| WORK INSTRUCTION |
Take the line containing "Lengvas, laisvai krentantis" and every line after it to the end of the records, and copy them exactly, excluding pictures.

INFORMATION GIVEN Block Start

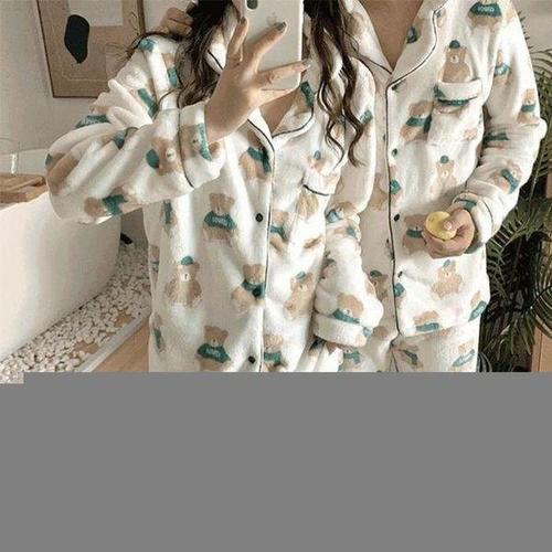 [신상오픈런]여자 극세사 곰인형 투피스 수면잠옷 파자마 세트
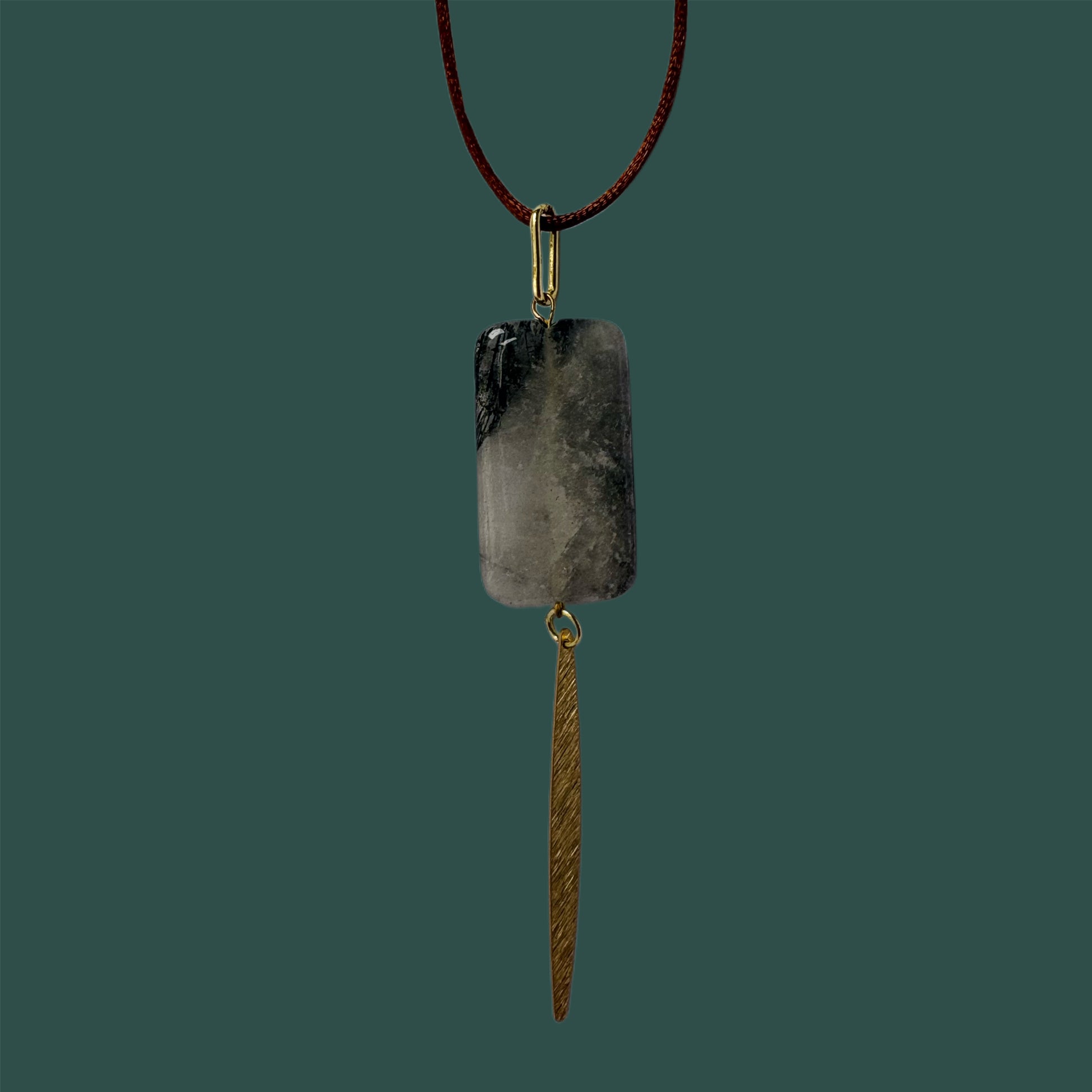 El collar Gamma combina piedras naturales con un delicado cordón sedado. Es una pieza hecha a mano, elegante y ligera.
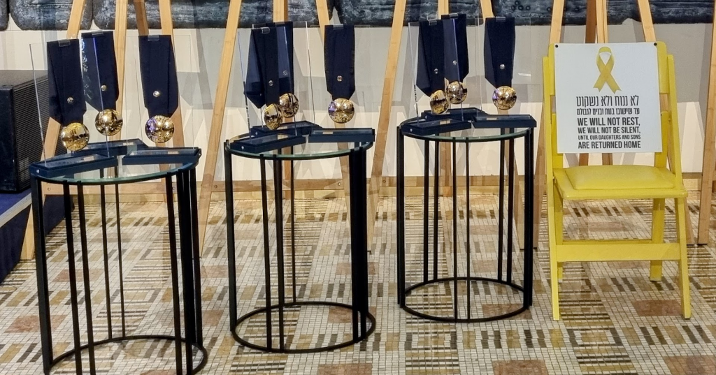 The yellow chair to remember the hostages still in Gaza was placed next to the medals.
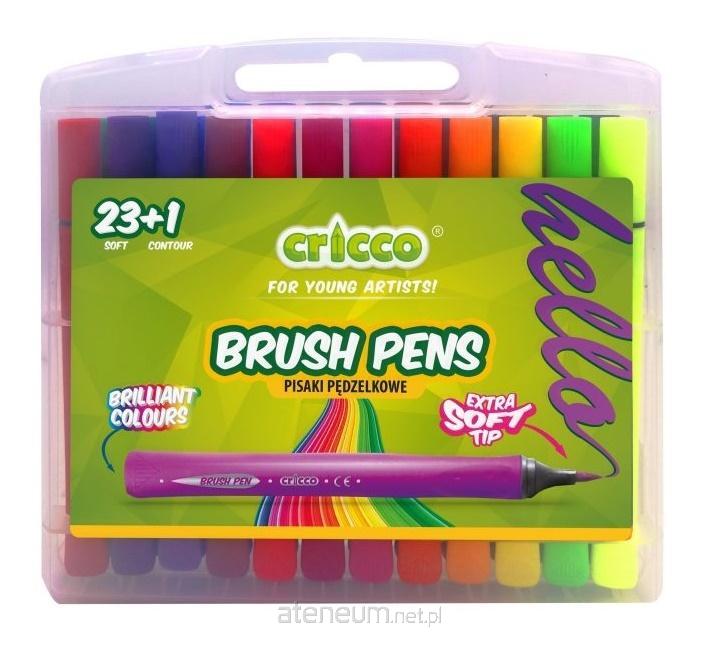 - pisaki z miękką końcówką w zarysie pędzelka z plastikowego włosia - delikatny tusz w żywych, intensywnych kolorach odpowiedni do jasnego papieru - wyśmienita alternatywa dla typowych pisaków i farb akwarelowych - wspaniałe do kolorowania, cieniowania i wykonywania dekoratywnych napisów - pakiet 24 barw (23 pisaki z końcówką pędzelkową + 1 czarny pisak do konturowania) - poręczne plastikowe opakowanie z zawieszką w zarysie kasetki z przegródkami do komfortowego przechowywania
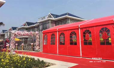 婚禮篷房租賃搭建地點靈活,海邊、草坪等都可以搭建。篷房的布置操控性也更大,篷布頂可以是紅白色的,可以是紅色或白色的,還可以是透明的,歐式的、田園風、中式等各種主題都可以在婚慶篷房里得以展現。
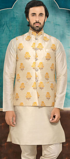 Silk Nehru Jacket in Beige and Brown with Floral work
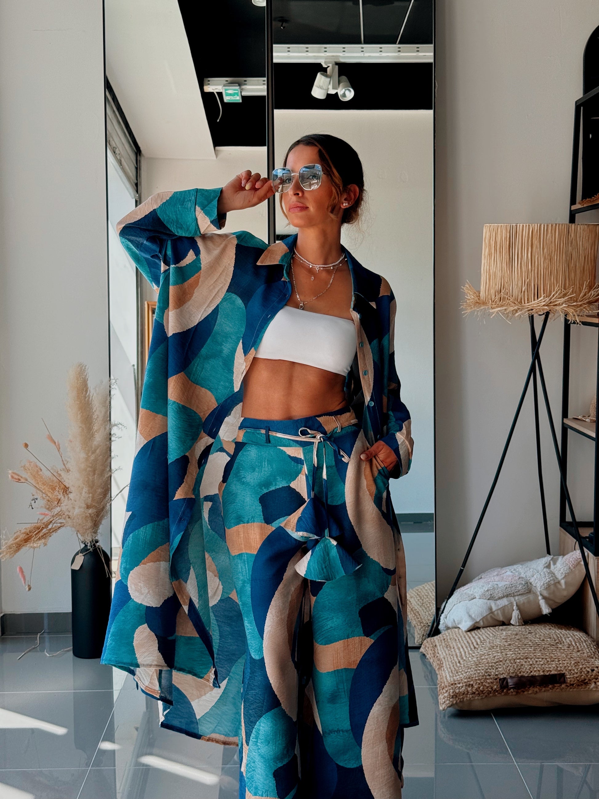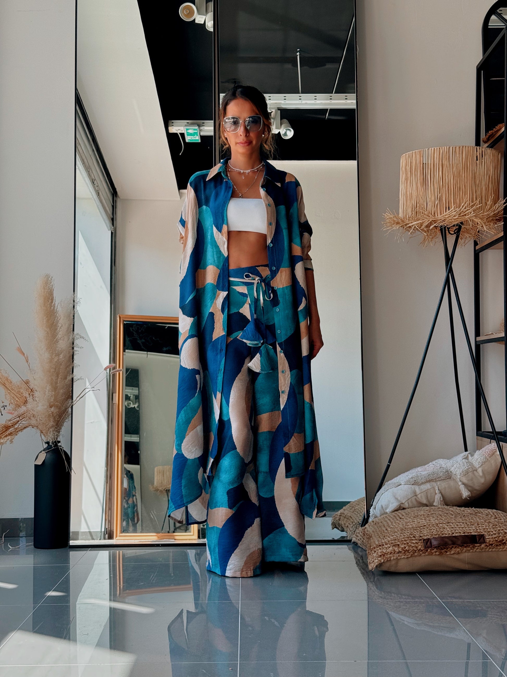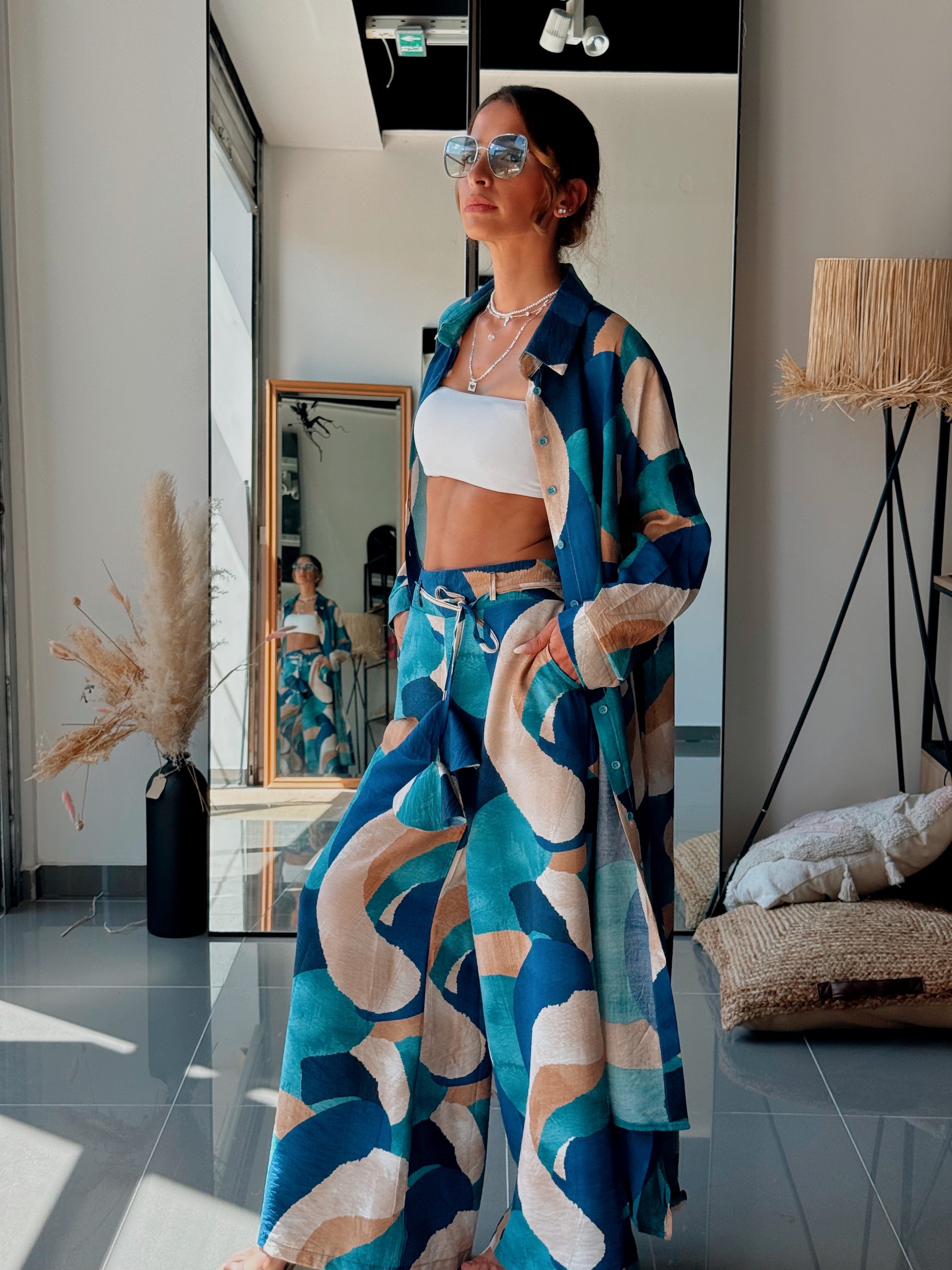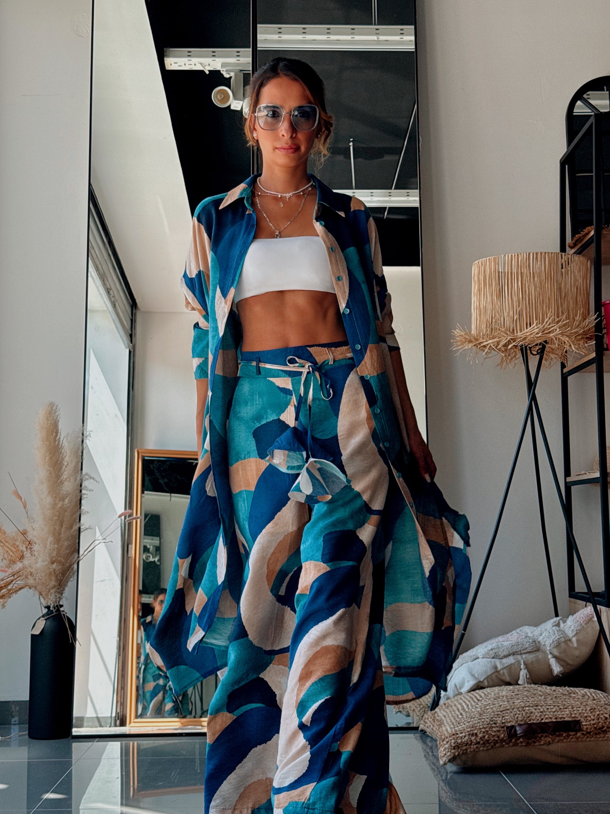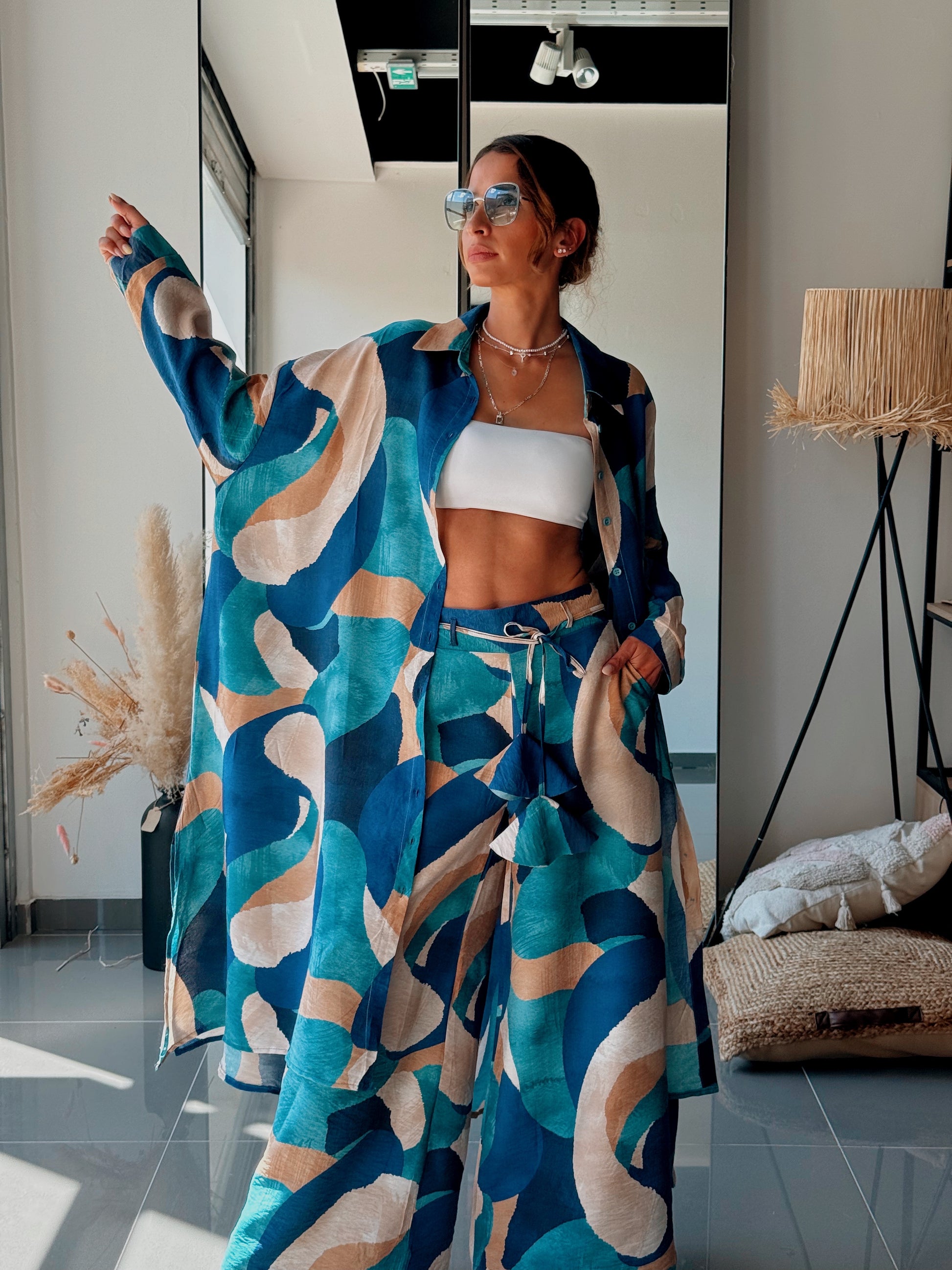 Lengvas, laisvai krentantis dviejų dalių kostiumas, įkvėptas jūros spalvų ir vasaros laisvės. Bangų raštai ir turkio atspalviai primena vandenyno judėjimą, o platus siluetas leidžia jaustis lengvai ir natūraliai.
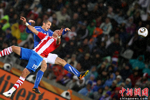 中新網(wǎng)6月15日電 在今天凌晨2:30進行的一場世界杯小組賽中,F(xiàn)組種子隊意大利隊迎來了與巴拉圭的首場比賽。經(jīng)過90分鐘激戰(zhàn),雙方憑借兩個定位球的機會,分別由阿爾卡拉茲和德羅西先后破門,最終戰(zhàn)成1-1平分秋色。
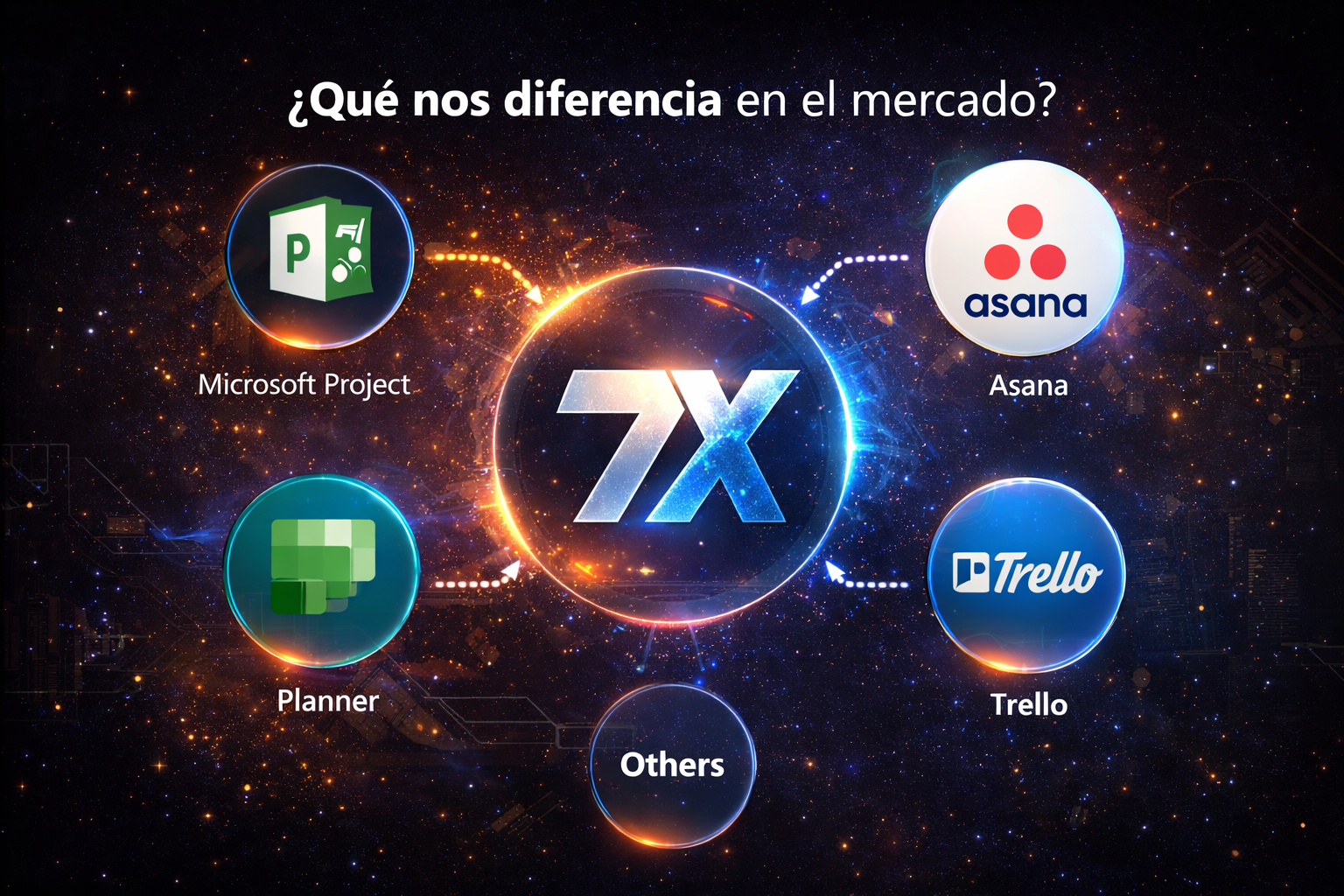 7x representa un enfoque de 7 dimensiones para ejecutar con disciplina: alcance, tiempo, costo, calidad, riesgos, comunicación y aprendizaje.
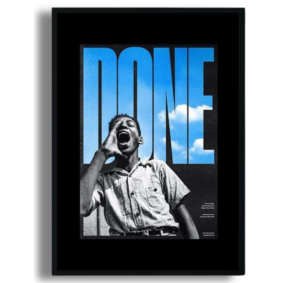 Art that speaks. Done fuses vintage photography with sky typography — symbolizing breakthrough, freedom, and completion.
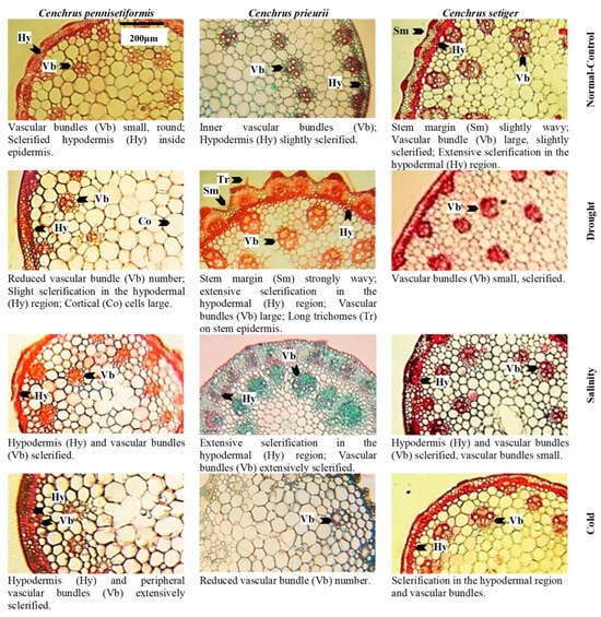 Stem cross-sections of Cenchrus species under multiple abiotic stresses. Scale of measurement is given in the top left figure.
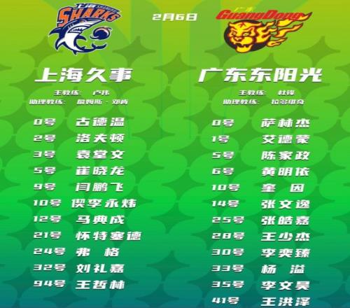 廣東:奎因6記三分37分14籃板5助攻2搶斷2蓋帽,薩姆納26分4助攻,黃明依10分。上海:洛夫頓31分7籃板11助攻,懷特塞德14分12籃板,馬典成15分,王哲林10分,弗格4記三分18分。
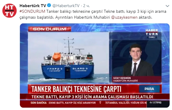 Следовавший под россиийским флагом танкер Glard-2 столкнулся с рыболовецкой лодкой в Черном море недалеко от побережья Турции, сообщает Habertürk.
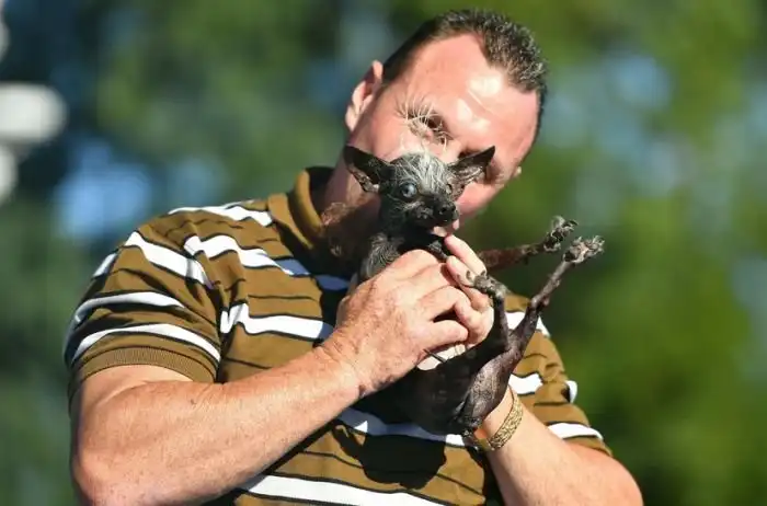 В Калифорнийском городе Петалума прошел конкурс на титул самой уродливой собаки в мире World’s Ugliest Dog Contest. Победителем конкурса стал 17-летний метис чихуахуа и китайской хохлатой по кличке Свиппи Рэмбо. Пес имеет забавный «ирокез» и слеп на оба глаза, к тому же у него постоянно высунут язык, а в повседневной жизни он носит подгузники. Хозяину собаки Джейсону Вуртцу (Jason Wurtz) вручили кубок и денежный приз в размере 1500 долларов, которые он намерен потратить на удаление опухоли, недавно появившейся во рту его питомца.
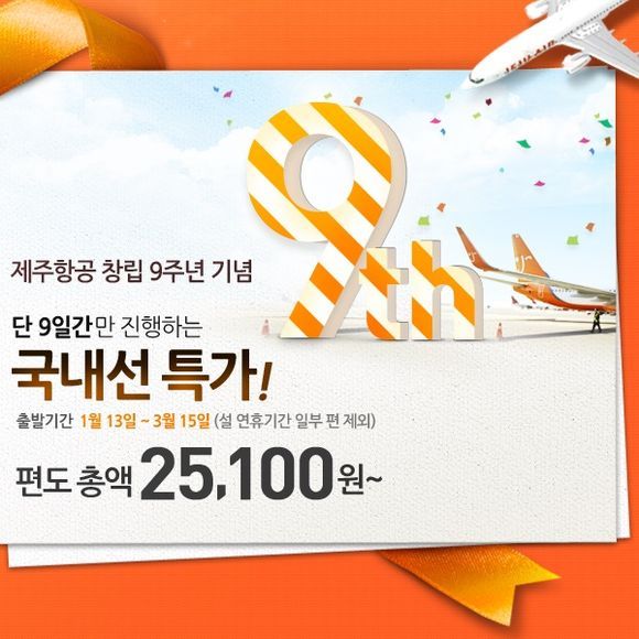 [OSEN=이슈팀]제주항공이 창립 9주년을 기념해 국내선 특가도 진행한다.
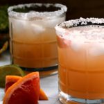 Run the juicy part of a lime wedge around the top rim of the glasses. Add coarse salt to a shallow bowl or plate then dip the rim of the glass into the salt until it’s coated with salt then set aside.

INFORMATION GIVEN Block End

| ANSWER TO THIS EXERCISE |
 Lengvas, laisvai krentantis dviejų dalių kostiumas, įkvėptas jūros spalvų ir vasaros laisvės. Bangų raštai ir turkio atspalviai primena vandenyno judėjimą, o platus siluetas leidžia jaustis lengvai ir natūraliai.
 中新網(wǎng)6月15日電 在今天凌晨2:30進行的一場世界杯小組賽中,F(xiàn)組種子隊意大利隊迎來了與巴拉圭的首場比賽。經(jīng)過90分鐘激戰(zhàn),雙方憑借兩個定位球的機會,分別由阿爾卡拉茲和德羅西先后破門,最終戰(zhàn)成1-1平分秋色。
 7x representa un enfoque de 7 dimensiones para ejecutar con disciplina: alcance, tiempo, costo, calidad, riesgos, comunicación y aprendizaje.
 Art that speaks. Done fuses vintage photography with sky typography — symbolizing breakthrough, freedom, and completion.
 Stem cross-sections of Cenchrus species under multiple abiotic stresses. Scale of measurement is given in the top left figure.
 廣東:奎因6記三分37分14籃板5助攻2搶斷2蓋帽,薩姆納26分4助攻,黃明依10分。上海:洛夫頓31分7籃板11助攻,懷特塞德14分12籃板,馬典成15分,王哲林10分,弗格4記三分18分。
 Следовавший под россиийским флагом танкер Glard-2 столкнулся с рыболовецкой лодкой в Черном море недалеко от побережья Турции, сообщает Habertürk.
 В Калифорнийском городе Петалума прошел конкурс на титул самой уродливой собаки в мире World’s Ugliest Dog Contest. Победителем конкурса стал 17-летний метис чихуахуа и китайской хохлатой по кличке Свиппи Рэмбо. Пес имеет забавный «ирокез» и слеп на оба глаза, к тому же у него постоянно высунут язык, а в повседневной жизни он носит подгузники. Хозяину собаки Джейсону Вуртцу (Jason Wurtz) вручили кубок и денежный приз в размере 1500 долларов, которые он намерен потратить на удаление опухоли, недавно появившейся во рту его питомца.
 [OSEN=이슈팀]제주항공이 창립 9주년을 기념해 국내선 특가도 진행한다.
 Run the juicy part of a lime wedge around the top rim of the glasses. Add coarse salt to a shallow bowl or plate then dip the rim of the glass into the salt until it’s coated with salt then set aside.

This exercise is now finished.